'''
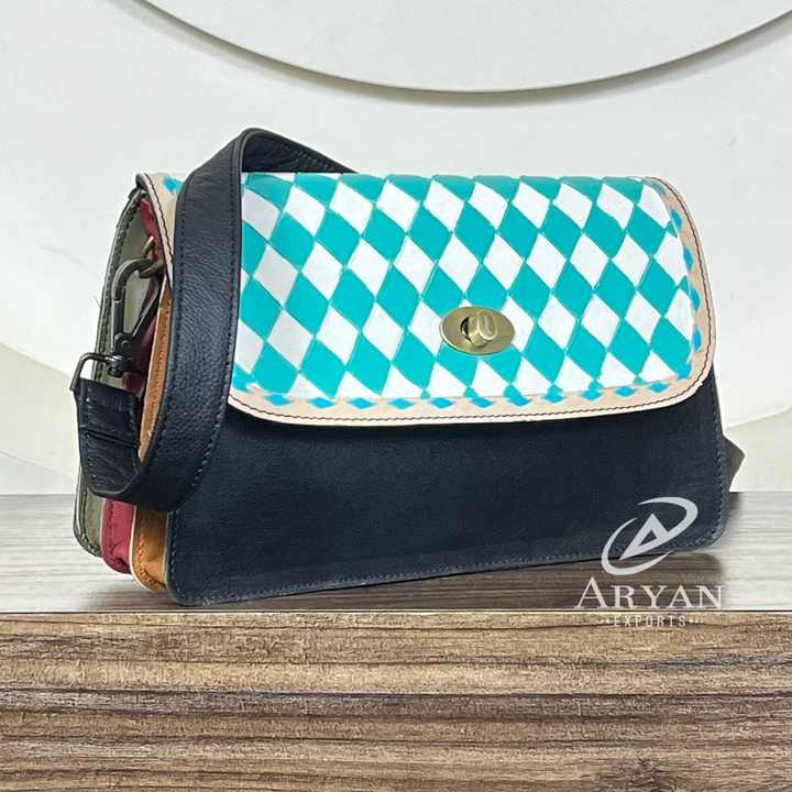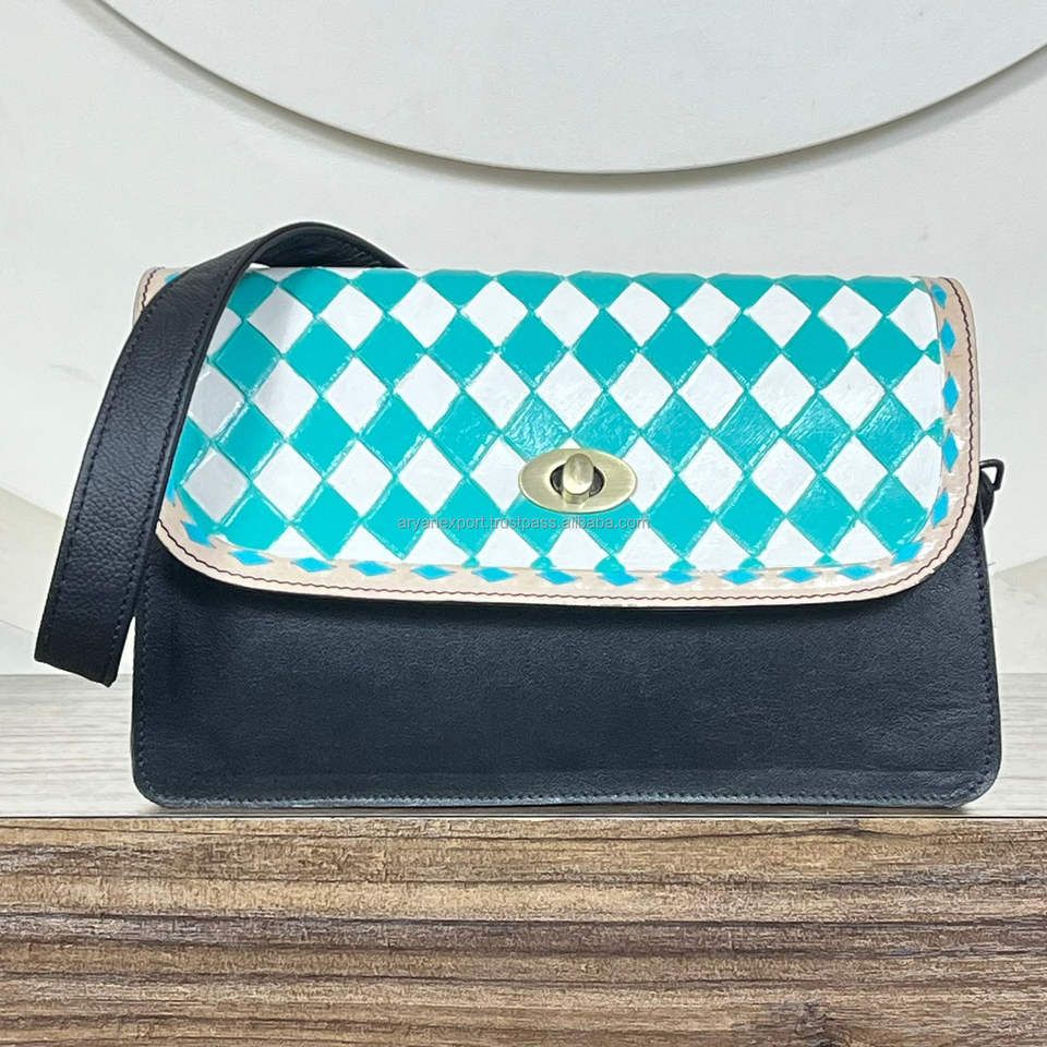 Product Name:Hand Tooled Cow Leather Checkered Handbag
'''
'''
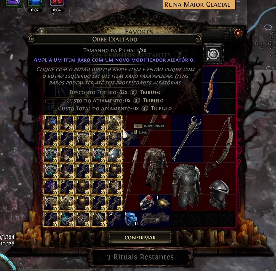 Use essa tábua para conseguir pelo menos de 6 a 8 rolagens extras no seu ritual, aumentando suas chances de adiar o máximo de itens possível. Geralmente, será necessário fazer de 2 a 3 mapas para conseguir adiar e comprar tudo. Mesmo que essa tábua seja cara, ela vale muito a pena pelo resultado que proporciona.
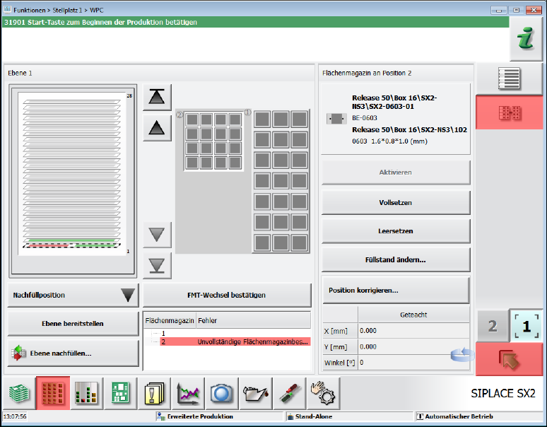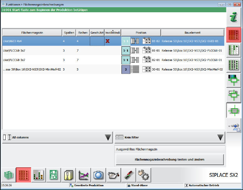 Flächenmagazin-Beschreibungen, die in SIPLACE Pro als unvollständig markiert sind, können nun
'''
What you need to produce is an exact copy of the entries above, limited to the lines from the one with "Use essa tábua" up to and including the one with "Flächenmagazin-Beschreibungen, die in", without pictures.

**SOLUTION:**
 Use essa tábua para conseguir pelo menos de 6 a 8 rolagens extras no seu ritual, aumentando suas chances de adiar o máximo de itens possível. Geralmente, será necessário fazer de 2 a 3 mapas para conseguir adiar e comprar tudo. Mesmo que essa tábua seja cara, ela vale muito a pena pelo resultado que proporciona.
 Flächenmagazin-Beschreibungen, die in SIPLACE Pro als unvollständig markiert sind, können nun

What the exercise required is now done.